Authentication & Security

  • Authentication providers extend BaseAuthProvider, BaseOAuth1Provider, or BaseOAuth2Provider under /inc/Core/OAuth/; concrete providers live next to their handlers in core or extension plugins.
  • OAuth handlers (OAuth1Handler, OAuth2Handler) standardize callback handling, nonce validation, and credential storage.
  • Capability checks (manage_options) and WordPress nonces guard REST endpoints; inputs run through sanitize_* helpers before hitting services.
  • Multi-agent permissions: PermissionHelper handles agent-level access checks via resolve_scoped_agent_id(), can_access_agent(), and owns_agent_resource().
  • HttpClient centralizes outbound HTTP requests with consistent headers, browser-mode simulation, timeout control, and logging via datamachine_log.

Scheduling & Jobs

  • Action Scheduler drives scheduled flow execution while REST endpoints handle immediate runs.
  • Flow schedules support manual runs, one-time execution, and recurring intervals (from 5 minutes to weekly).
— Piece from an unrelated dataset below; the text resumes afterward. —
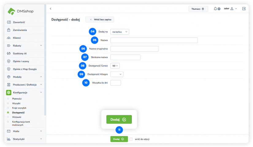 Po zalogowaniu do panelu DMSshop należy wykonać następujące kroki:
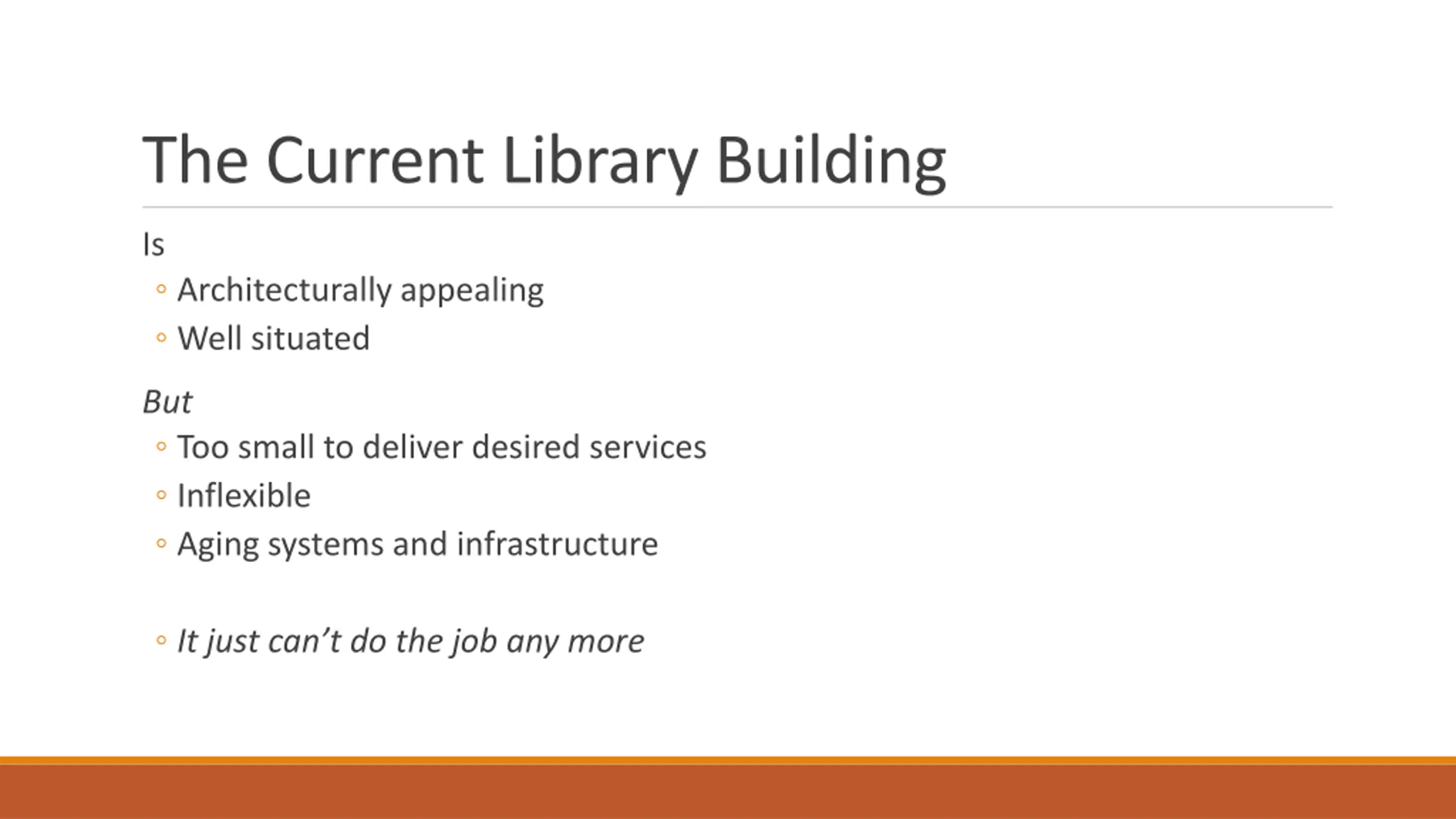 The Current Library Building Is Architecturally appealing Well situated But Too small to deliver desired services Inflexible Aging systems and infrastructure It just can t do the job any more

See Scheduling Intervals for available options.
  • System task scheduling: DailyMemoryTask and other system tasks run on cron schedules via Action Scheduler.
  • Batch execution: Jobs support parent-child relationships via parent_job_id for processing multiple items in coordinated batches.
  • Job abilities and repositories update statuses, emit extensibility actions (datamachine_update_job_status), and link jobs to logs and processed items for auditing.

Admin Interface

  • React-First Architecture: Admin pages are React apps built with @wordpress/components and TanStack Query for server state.
  • Client UI state: The Pipelines page uses a small Zustand store for UI state (pipeline selection, modals, chat sidebar). Other pages may use local React state.
  • Pipeline Builder: Visual pipeline/flow configuration with modal-driven step and handler settings.
  • Job Management: React dashboard for job history with server-driven pagination and admin cleanup modal.
  • Logs Interface: React logs viewer with filtering controls and REST-backed content loading.
  • Integrated Chat: Collapsible sidebar for context-aware pipeline automation and AI-driven workflow assistance, using specialized tools to manage the entire ecosystem.
  • Agent Management: Agent creation, configuration, and access control UI.

Key Capabilities

  • Multi-agent support with isolated identity, memory, and resources per agent on a single WordPress installation.
  • Multi-platform publishing via core fetch/publish/upsert handlers for files, RSS, email, and WordPress, plus extension-provided handlers for social, business, and event destinations.
  • Daily memory system for automatic temporal knowledge management with AI-driven pruning.
  • System tasks for background AI operations (image generation, alt text, internal linking, meta descriptions) with undo support.
  • Extension points through filters such as datamachine_handlers, datamachine_tools, datamachine_step_types, datamachine_auth_providers, and datamachine_engine_data.
  • Directive orchestration ensures every AI request is context-aware, tool-enabled, and consistent with site policies.
  • Chartable logging, deduplication, and error handling keep operators informed about job outcomes and prevent duplicate processing.